Шрифт:
Интервал:
Закладка:
Более чем 20-летний период эволюции сталинизма, вместивший в себя ужасы Большого террора и ГУЛАГа, мировую войну, вскоре после окончания переродившуюся в войну холодную, и десятки погромных идеологических кампаний, характеризуется чрезвычайной нестабильностью культурного поля. Сама «теория социалистического реализма» на пути к «отвердению» в «классических» образцах позднесталинского «синтетического литературоведения»[1915] (несколько иронично уже в конце 1940‐х годов звучал тезис Фадеева о том, что «такого литературоведения, как у нас, нет негде в мире»[1916]), как может показаться на первый взгляд, неоднократно изменяла свою сущность, тем самым закономерно определяя направление трансформации текстового канона. Однако эта доминирующая в западной славистике с 1980–1990‐х годов точка зрения предполагает расширительный поход к пониманию соцреалистического канона и основывается на заведомо недоказуемых теоретических абстракциях, скорее апеллирующих к интуитивным представлениям[1917]. Иначе говоря, реализованный в обсуждаемой работе Гюнтера подход, направленный на экспликацию основных параметров соцреалистической доктрины и вместе с тем весьма ограниченно характеризующий текстовый канон сталинизма, обходит вниманием одно принципиальное обстоятельство: советские писатели в своей практике не руководствовались отвлеченными постулатами «теории социалистического реализма», а ориентировались на вполне конкретные образцы, входившие в «ядро» советского литературного канона[1918]. Вместе с тем степень «каноничности» того или иного текста определялась не реализацией в нем всевозможных мифов, архетипов «бессознательного», идеологических постулатов и т. д., а работой вполне конкретных институциональных механизмов, определявших его положение в иерархии сталинской культуры.
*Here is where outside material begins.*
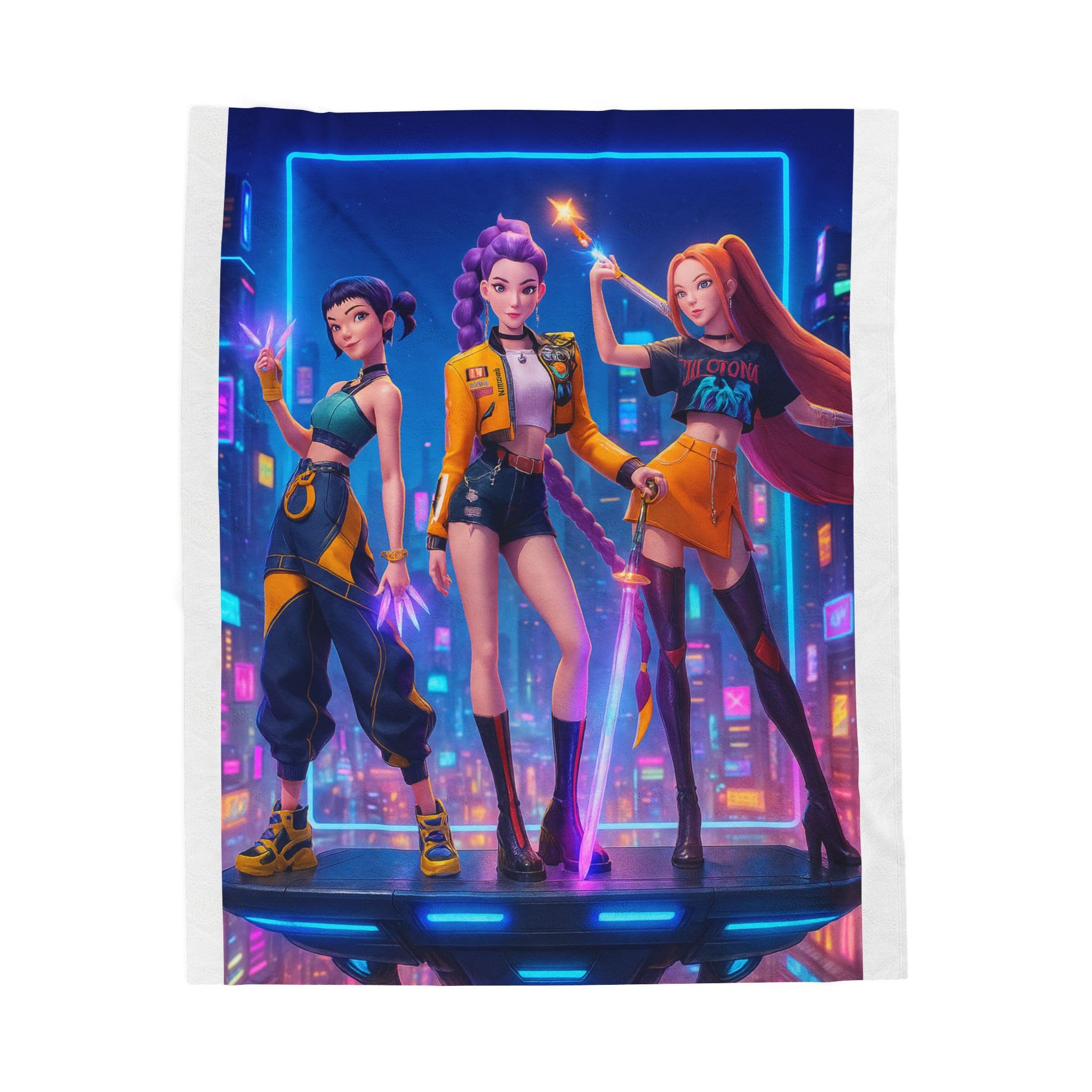 Stay cozy with this Demon Pop Hunters Velveteen Plush Blanket featuring K-Pop & Anime art. Perfect for fans of Korean fantasy, this throw is ideal for couch and bed decor. A must-have for those who love to snuggle up with their favorite shows and characters. Product features - Double needle topstitch on all seams for durability - 100% polyester or polyester/spandex blend for shape retention and quick drying - Ideal for adults - Meets various safety requirements and compliance standards - Vibrant high-detail print on one side of the blanket Care instructions - Do not dryclean - Do not iron - Tumble dry: low heat - Do not bleach - Machine wash: cold (max 30C or 90F), *hand wash will extend the quality of the product

Первым в ряду этих механизмов, несомненно, была Сталинская премия по литературе, потому как множество институций оказывались прямо связаны с созданием литературной продукции, с формированием текстового канона соцреализма, но лишь одна из них «кодифицировала» волю самого Сталина, тем самым структурируя уже оформленное культурное поле, организуя его центр и периферию. Из этого следует еще одно ключевое для нас положение: говорить о складывании собственно соцреалистического культурного канона до начала 1940‐х годов невозможно по причине того, что механизмы формирования и стабилизации этого канона в конце 1920‐х — 1930‐е годы попросту не были до конца отлажены[1919].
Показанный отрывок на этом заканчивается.